Thursday, July 19, 2018

Manure Pumping – Viscosity, Flow Estimation, and going Beyond Hazen-Williams


When we design pumping systems, we are out to pick a pump and pipe combination that helps us to be efficient. In terms of the flow rate, we are trying to achieve the amount of pressure we need to get there and to get the pump to operate in an efficient range of it is operating rate.
There are several approaches to doing this, ranging from the Hazen-Williams equation (an empirical relationship which relates the flow of water in a pipe with the physical properties of the pipe and the pressure drop caused by friction) to the Darcy-Weisbach method (which is does essentially the same thing, but takes into account fluid density as well as viscosity, so it can be used with fluids other than water). So, this brings us to the question, which one should we use when we are trying to estimate manure flow rates?

The truth is even though Hazen-Williams is only for water, in most cases it will be accurate enough for manure and give us an idea of what is happening, but at least in theory the Darcy-Weisbach method is more accurate if viscosity becomes high. This leads us to a discussion of viscosity, how manures are different than water as a fluid, and what this means.

Viscosity is a measure of a fluid’s resistance to motion under an applied force. Our classic example of this is to compare water and honey; honey has a thicker consistency so when we coat our spoon with it and tip the spoon it flows off slowly, while the water slides right off, so we say the honey is more viscous than water. From this it may become clear that if we were trying to pump honey with the same setup we were pumping water with, the flow rate would be much lower, because the viscosity makes the honey harder to pump.

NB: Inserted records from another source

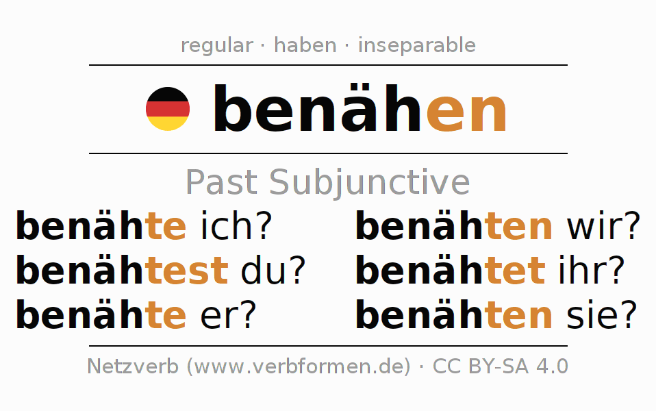 The conjugation of benähen in Subjunctive Imperfect Form of possibility Active is benähte ich?, benähtest du?, benähte er?, benähten wir?, benähtet ihr?, benähten sie?.The conjugation corresponds to certain grammatical rules. Likewise the requirements for the conjugation of the simple verb forms of benähen in Imperfect Subjunctive. Comments ☆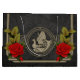 Vikande mystisk charm med elegant keltiska knop. Ett känsligt ram guld-färgad med ornatkeltiska knop omger utformningen och betonar dess traditionella, mystiska charm. I mitten finns ett cirkulärt inslag med en frakt i guld-färgaden som seglar på det milda vinkara planet, en symbol för gemensamma resor och nystart. Cirkeln omges av ytterligare keltiska knop, som betonar parets band och arv.
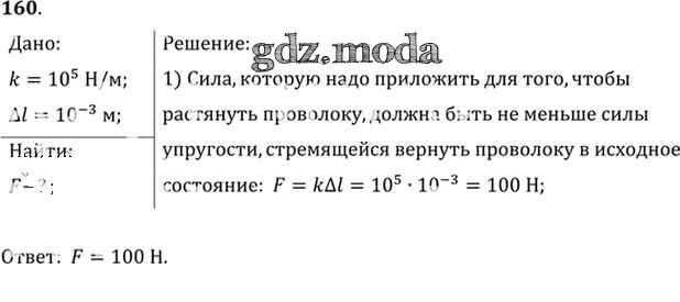 ОТВЕТ на задание № 160 Задачник по Физике 10-11 класс Рымкевич УМК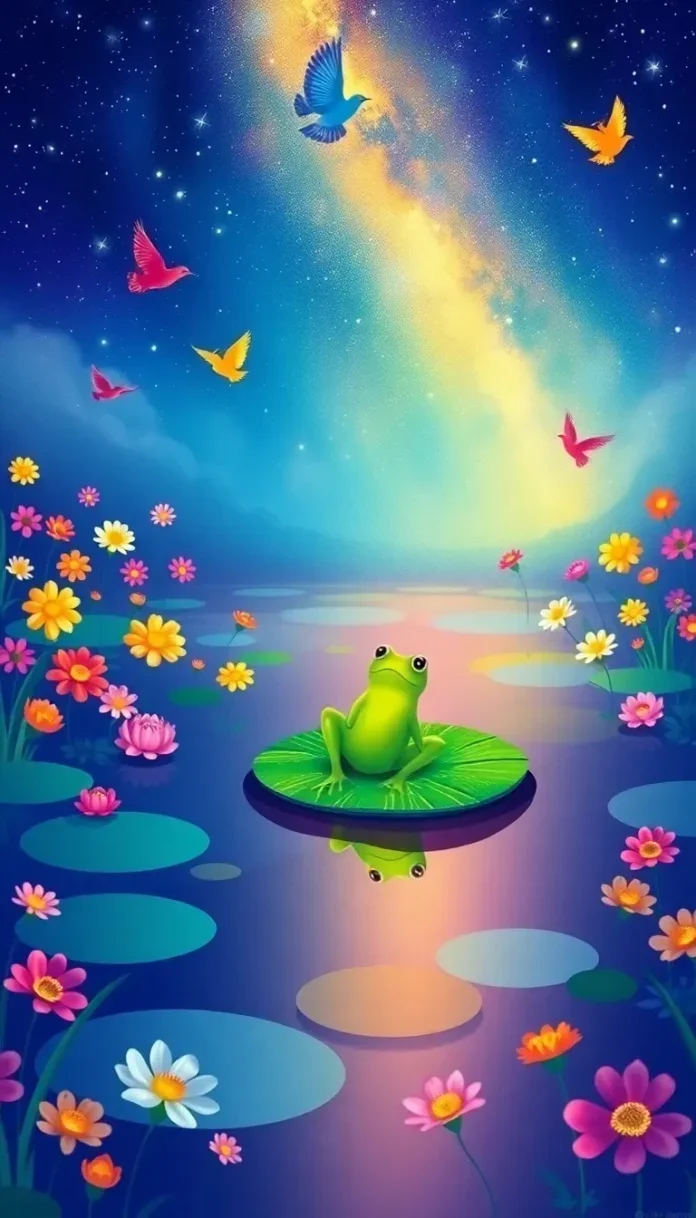 Tout en flottant joyeusement parmi les étoiles, elle se mit à chanter, le chant de la petite grenouille résonnant à travers l’espace infini. Chaque note formait un lien avec les étoiles, chaque vibration semblant lui répondre avec une mélodie douce et envoûtante.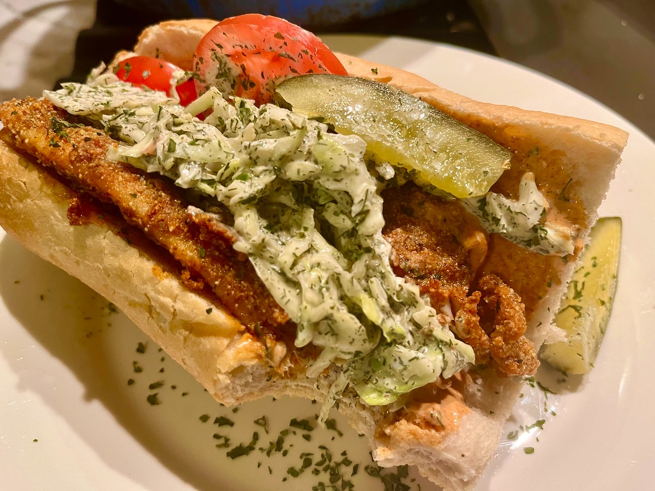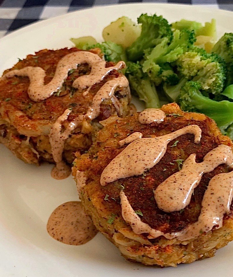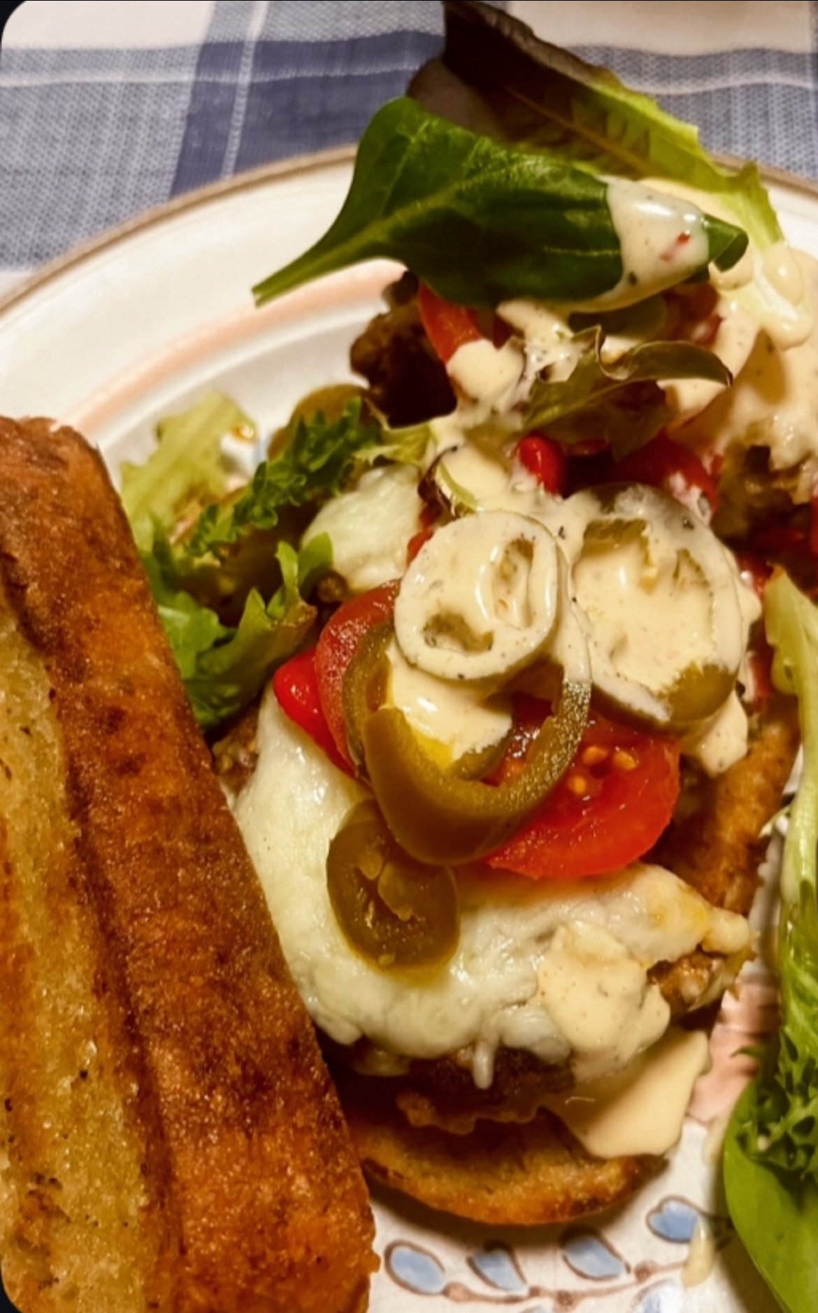 Crunchy Crouton Burger with Alabama White BBQ Sauce
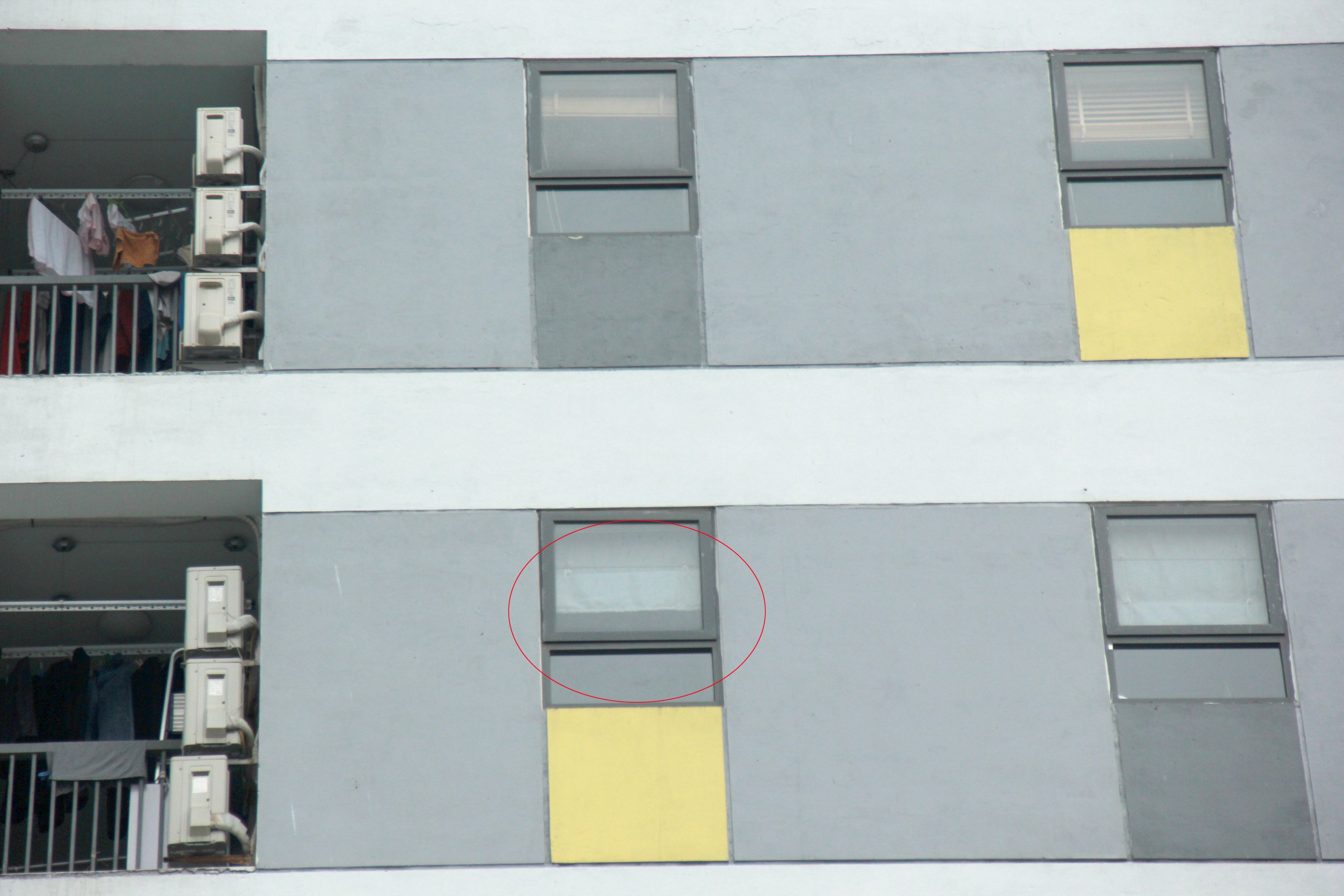 Ở ngay tầng trên của căn hộ 306 (khoanh màu đỏ), chủ hộ cũng chưa lắp đặt chấn song cửa sổ.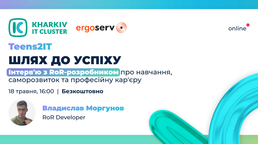 Міфи й стереотипи про неймовірну складність побудови кар’єри в ІТ-галузі заполоняють інфопростір.  Kharkiv IT Cluster укотре їх руйнує на інтерв’ю з ТОПовими айтівцями України в межах проєкту Teens2IT!  18 травня о 16:00 до Kharkiv IT Cluster завітає Владислав Моргунов — RoR-Developer у компанії ErgoServ, для того, щоб поділитися із підлітками історією побудови свого кар’єрного шляху в ІТ та особливостями своєї професії. Ruby on Rails (RoR) — це відкрите програмне забезпечення для розробки вебдодатків з використанням мови програмування Ruby. Більш детально про те: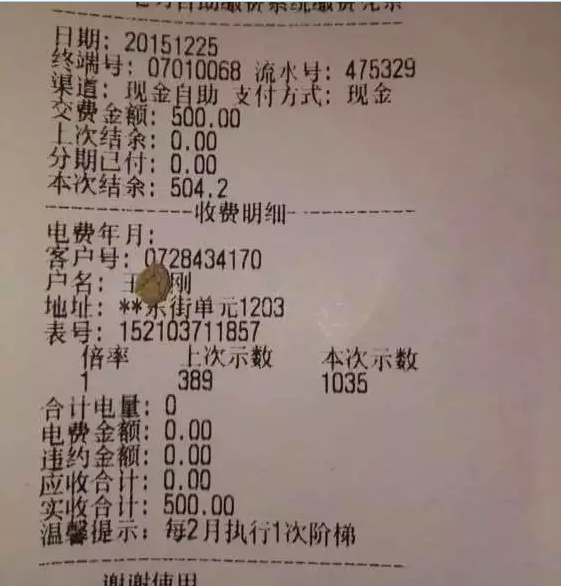 用 户至今不明白,临猗供电局发了催交电费通知后,自己马上就到营业点交了费,按说这是一查就清楚的事,为何又出现二次催费的事,更可气的是,同样的电费,为 何只能往代收人员手上交,这里面难道啥猫腻不成?况且电费已经交过,供电局咋就这般的任性,想停电就停电,这“电老虎”的作风啥时才能改改?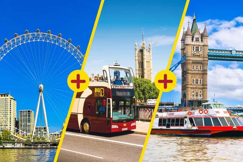 Cette option comprend un billet d'entrée horodaté au London Eye, une croisière à sens unique sur la Tamise et un billet de visite touristique Big Bus à arrêts multiples de 24 heures.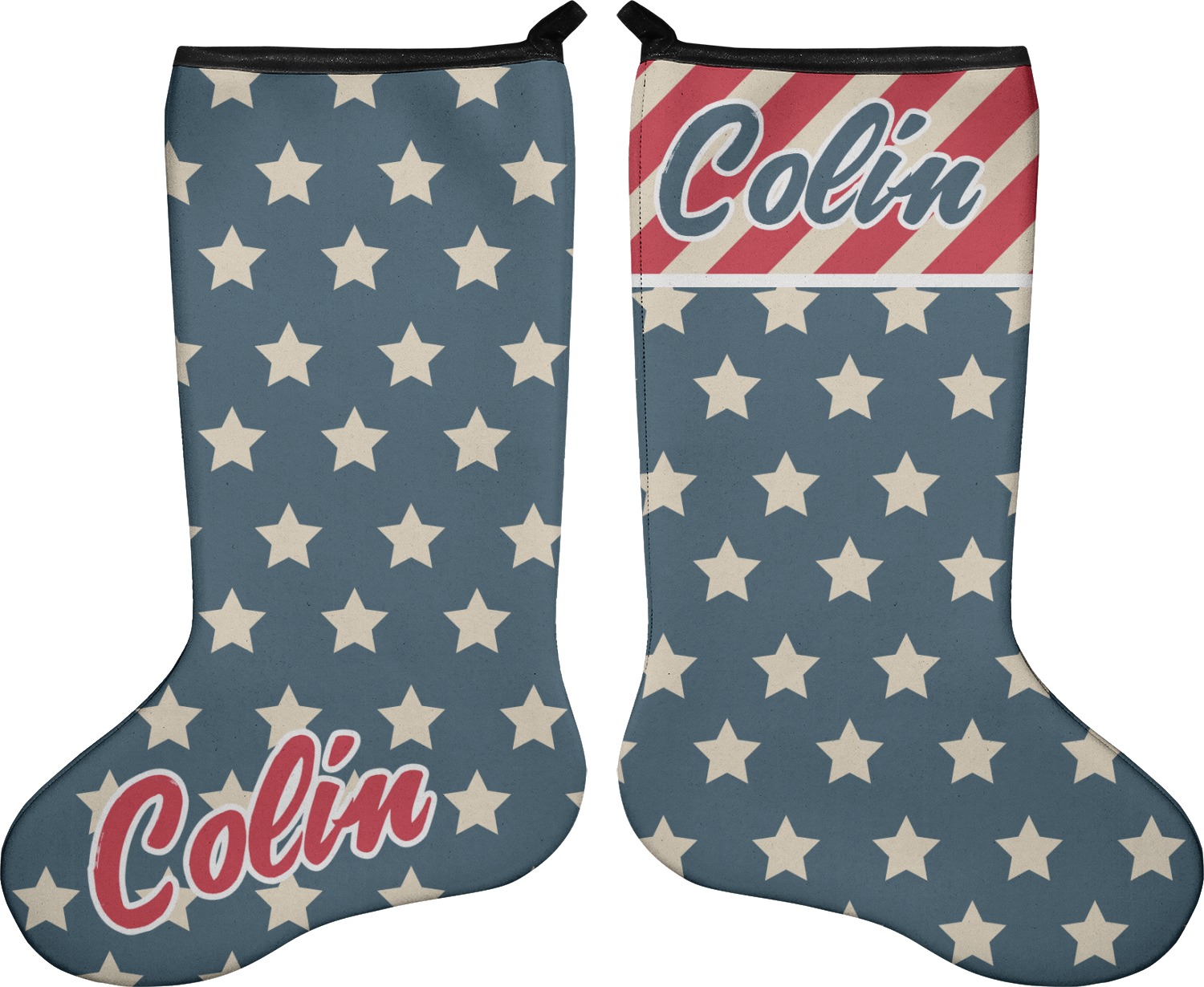 These 17" x 11" stockings are made of neoprene and have a black trim to give them a fantastic finished look. Your very own design is printed right onto the stocking, either single sided with white on the back or double sided where can use the same or different designs / patterns on the front and the back - the choice is yours. At the top of the stocking is a 2" loop for hanging.
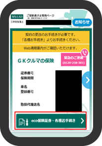 ご契約一覧に表示された該当契約の「eco保険証券・各種お手続き」を押下します。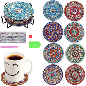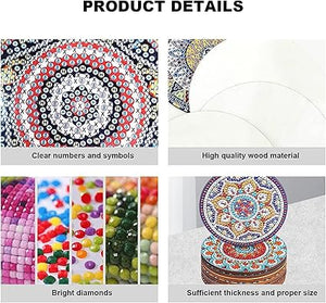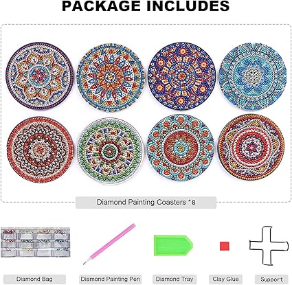 ►【Package Include】You will get 8 pieces diamond painting coasters in different mandala themed, 1 pieces enough colorful diamonds set, 1 pieces clay glue, 1 pieces diamond painting pen, 1 pieces diamond tray, contains all the accessories and tools you need for DIY diamond painting coasters.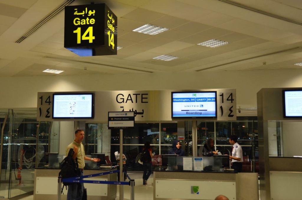 Our time in the Middle East drew to an end. Heading to the airport, the check in was a mess. There were long lines and only 4 check in agents working hard to fill an entire Boeing 777. Sharp eyed readers will note that this was the Etihad check in desks for our outbound AUH flight.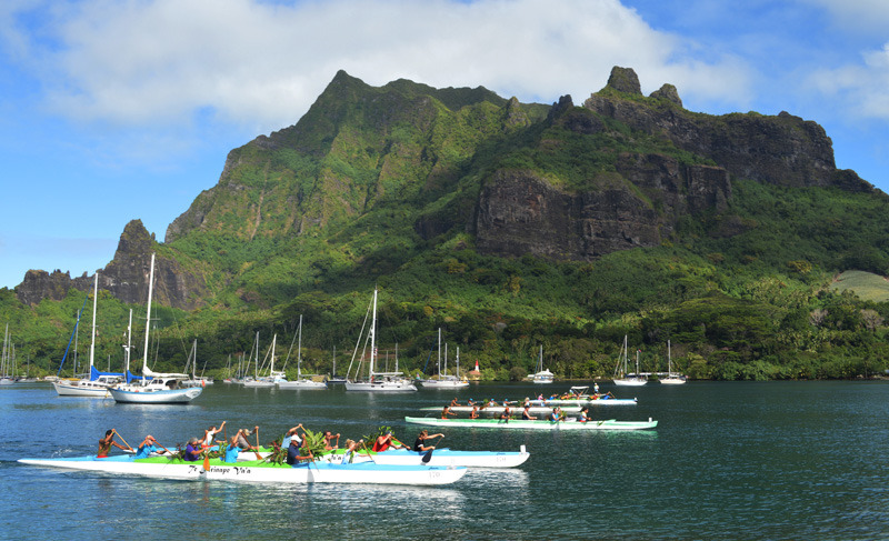 As in years past, Sunday’s schedule was focused on traditional Polynesian sports, the highlight of which was a series of six-person outrigger canoe races staged on the bay’s idyllic lagoon. We’re certain that all who paddled in those heart-pounding sprints beneath the towering peaks of Mt. Rotui (top photo) will not soon forget the experience.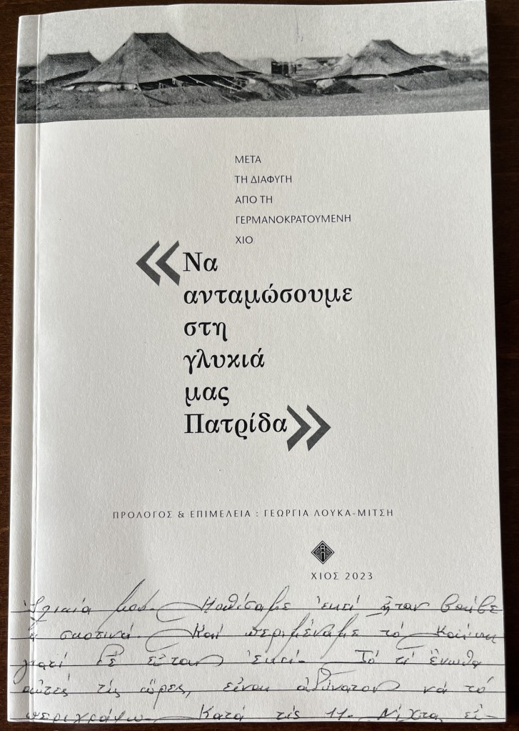 Πριν μερικές μέρες παρέλαβα με συγκίνηση από τη Χίο ένα όμορφο βιβλιαράκι, με πρόλογο και επιμέλεια της Γεωργίας Λουκά – Μίτση και τίτλο “Να ανταμώσουμε στη γλυκιά μας πατρίδα” (Χίος, Απρίλιος 2023). Με την κυρία Γεωργία Μίτση και τον σύζυγό της, Νίκο, είχαμε γνωριστεί πριν από επτά χρόνια στη Χίο, σε ένα συνέδριο για τον Κωνσταντίνο Άμαντο. Είχα αναφέρει τότε στην ανακοίνωσή μου και για τους δεσμούς της Κύπρου με τη Χίο στην προσφυγιά της Κατοχής από την Ελλάδα στη Μέση Ανατολή, λόγω του λιμού, ένα από τα αγαπημένα ερευνητικά μου θέματα, και η κυρία Μίτση μου είχε πει ότι η οικογένεια του πατέρα της είχε καταφύγει στο νησί μας, όπως εκατοντάδες άλλες φαμίλιες από τη Χίο, τη Σάμο, την Ικαρία και άλλα νησιά του Β.Α. Αιγαίου. Και ότι είχαν σωθεί κοντά της χειρόγραφα και φωτογραφίες από την έξοδο και τις περιπέτειες της οικογένειάς τους κατά το 1942-1945.

But what about manure – this is where things get even more complicated. Water and honey are what we call Newtonian fluids.  Their viscosity is dependent only on the temperature of the fluid, but manure is more complex than that and is a shear-thinning fluid, meaning its viscosity if dependent on temperature, but also on the shear rate (basically the flow rate). The faster we shear it the easier it becomes to shear it.

Here we are going to look at a slightly different question, how does the solids content of the manure, impact viscosity. You can see this relationship in figure 1, basically higher solids content leads to more viscosity. For reference, the viscosity of water is essentially 1 centipoise so if we take all the solids out of the liquid manure, it is really close to water, but a solids content of about 8% which is pretty typical of deep pit finishing swine manures we have a viscosity of 3.65 centipoise (or higher than the viscosity of water). This may sound like a lot, but it is essentially the same as kerosene (honey on the other hand is 1,500).

Figure 1. Relationship between solids content in swine finishing manure and the measured viscosity.

To see what this might mean, let’s assume we have an 8-inch diameter pipe and the fluid inside is flowing at 10 feet/second, we’ll just assume smooth pipe that is 1-mile long. Our question will be how much extra pressure is needed if the viscosity of the manure is 3.65 centipoise instead of the 1 centipoise it would be for water. This can be calculated using equation 1, where hf is the head loss in feet, f is the Darcy friction factor, L is the length of the pipe, D is the diameter, V is the velocity of the fluid, and g is the gravitational constant.
                            hf = fLV2/(2Dg)                                      (1)
You may note that viscosity doesn’t show up anywhere in this equation and wonder what all the fuss was about, but it is hidden in the Darcy friction factor, f, which can be approximated using equation 2.
                   1/sqrt(f) = 2log(Re*sqrt(f)) -0.8                         (2)
For water under these conditions, I’d estimate we need to supply about 136 feet of pressure head. If we repeat the calculation for manure assuming a viscosity that is 3.65 times higher like we measured on in our viscosity analysis it would only reduce the pressure loss to 172 feet, or by about 25%. Just for fun, if you compare this to what we’d get using the Hazen-Williams equation, you’d estimate something like 160 feet of heat loss in those flow conditions.  All this to say, while in theory it seems like it would be nice to incorporate viscosity into our flow estimation, generally the uncertainties in all the variables and the variability of manure make using the Hazen-Williams approach good enough for flow and pumping problems.